At long
last it can be alleged:
Perry Mason and his associates were in fact a highly classified cell
of fantastics working undercover for nearly forty years combating
heinous crime and prosecutorial incompetence in Southern California’s
judiciary. Their morally dicey mission:
to
save well-financed damsels in dire distress against unimaginably
implausible odds.
Mason, the
cell’s lead operative posing as a dauntless criminal defense
attorney, sheds light on the mission’s moral dilemma in this brief
exchange with his purported secretary, Della Street, while
considering a potential client’s tale of woe in The
Case of the Rolling Bones:
“‘I
don’t like rich people,’ Mason said, pushing his hands down in
his pockets. ‘I like poor people.’”
“’Why?’
she asked, her voice showing her interest.”
“‘Darned
if I know,’ Mason said. ‘Rich people worry too much, and their
problems are too damn petty. They stew up a high blood pressure over
a one-point drop in the interest rate. Poor people get right down to
brass tacks: love, hunger, murder, forgery, embezzlement— things a
man can sink his teeth into, things he can sympathize with.’”
Moments
later Mason tells the distressed damsel, “If I take this case, I’ll
need money—money for my services, money for investigation. I’ll
hire a detective agency and put men to work. It’ll
be expensive.”
One might
get the notion from these two sentiments Mason didn’t like his
clients, and maybe he ddidn’t. If not, it’s the more to his
credit, as he tells the team’s uncannily effective chief
investigator Paul Drake in their debut published case, that of the
Velvet
Claws,
“It’s
sort of an obsession with me to do the best I can for a client.”
Erle
Stanley Gardner, who controlled and chronicled the activities of what
we shall call the Marvelous Mason Machine (MMM for short), gives us
vivid descriptions of these superheros introducing
them in this first of some 80 published cases. Mason, Gardner
confides, “has about
him the attitude of one who is waiting. His face in repose was like
the face of a chess player who is studying the board. That face
seldom changed expression. Only the eyes changed expression. He gave
the impression of being a thinker and a fighter, a man who could work
with infinite patience to jockey an adversary into just the right
position, and then finish him with one terrific punch.”
And later,
“His hand was well formed, long and tapering, yet the fingers
seemed filled with competent strength. It seemed the hand could have
a grip of crushing force
should
the occasion require.”
The lawyer’s “broad
shoulders” are mentioned frequently, as are references to his
athleticism and pugilistic nature. Sort of startling to encounter
this Perry Mason after years of watching stout, sedentary windbag
Raymond Burr in the TV role inspired by Mr. Gardner’s descriptions.
Similar
startling contrasts are evident with Della Street and Paul Drake. In
the original case files the two are a far cry from their bland
portrayals
on TV
by
Barbara Hale and William Hopper:
Della Street has a slim figure and steady eyes. She’s about
twenty-seven, and appears to be watching life keenly and
appreciatively, seeing “far below the surface.” Her cover story?

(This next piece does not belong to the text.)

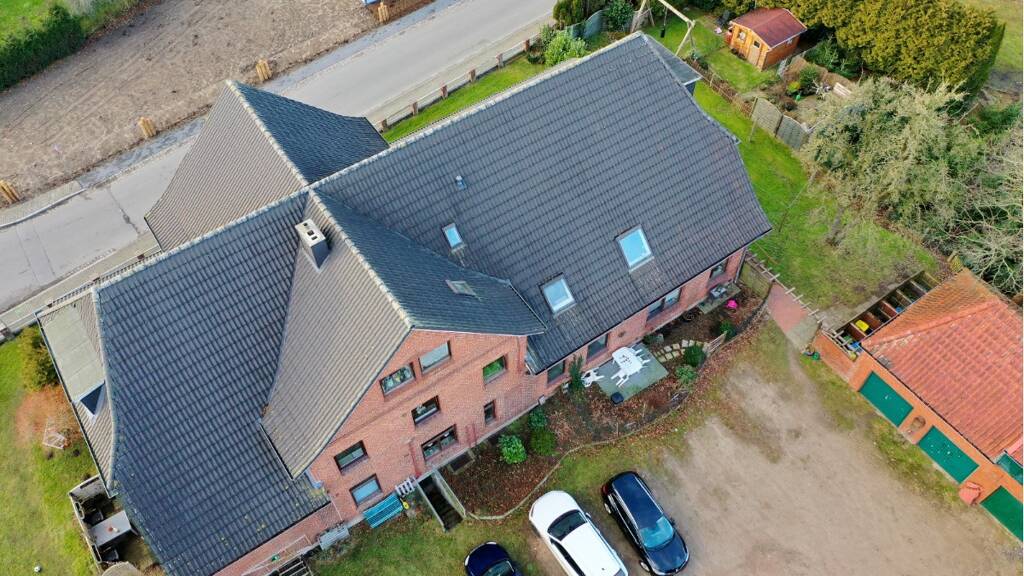 Highlights - Baujahr: 1905, roter Klinker - Laufend modernisiert/renoviert - Gesamtwohnfläche: ca. 595 m² (6 Wohnungen) - Grundstücksfläche: 2.783 m² - Ausbaureserve im 2. OG: ca. 100-110 m² (zu ca. 3/4 fertig) - Garagen/Stellplätze: 5 Garagen + ca. 20 weitere Stellplätze - Außennutzung: Baumschonung für Weihnachtsbäume - Vermietungsstand: Alle sechs Wohnungen und alle Garagen dauerhaft vermietet - stabile Mieterträge

She came to work for MMM after her wealthy family “lost all their
money.”
And Drake, who heads the
gargantuan P.I. agency unobtrusively headquartered across the hall
from Mason’s office is tall, with “protruding glassy eyes” that
hold “a perpetual expression of droll humor,” whose shoulders
droop and head thrusts forward on a long neck.
It’s
just now occurred to me that maybe Mr. Gardner was deliberately
misleading us with his team’s physical identities. It’s entirely
reasonable he would wish to protect them in the event of reassignment
to other, perhaps even hairier undertakings
in the eternal struggle for truth, justice, and...so forth. At the
moment, however, MMM’s superpowers are
of greater interest than
their
appearances.
Granted,
on the surface Mason and his crew display attributes one might expect
in top-tier professionals of their kind--or at least which
could
be contained within mortal bounds. Mason’s NFL-linebacker’s
physique, for example, the crushing grip, the pugnacious spirit,
zen-like mental control, and I’m guessing he can make a fairly
decent omelet or poached egg in a pinch. His legal knowledge may seem
superhuman to some, but I would argue this appears so by comparison
with the theatrically dim performances of prosecutors he routinely
opposes. Fortunately Mason’s lawyerly skills are on par with those
of the judges who try his cases—men, of course, as this was a time
when even the formidable Della Street was regarded as “the girl”
by none other than Gardner himself—who always ultimately agree with
Mason despite his penchant for highly irregular courtroom practices.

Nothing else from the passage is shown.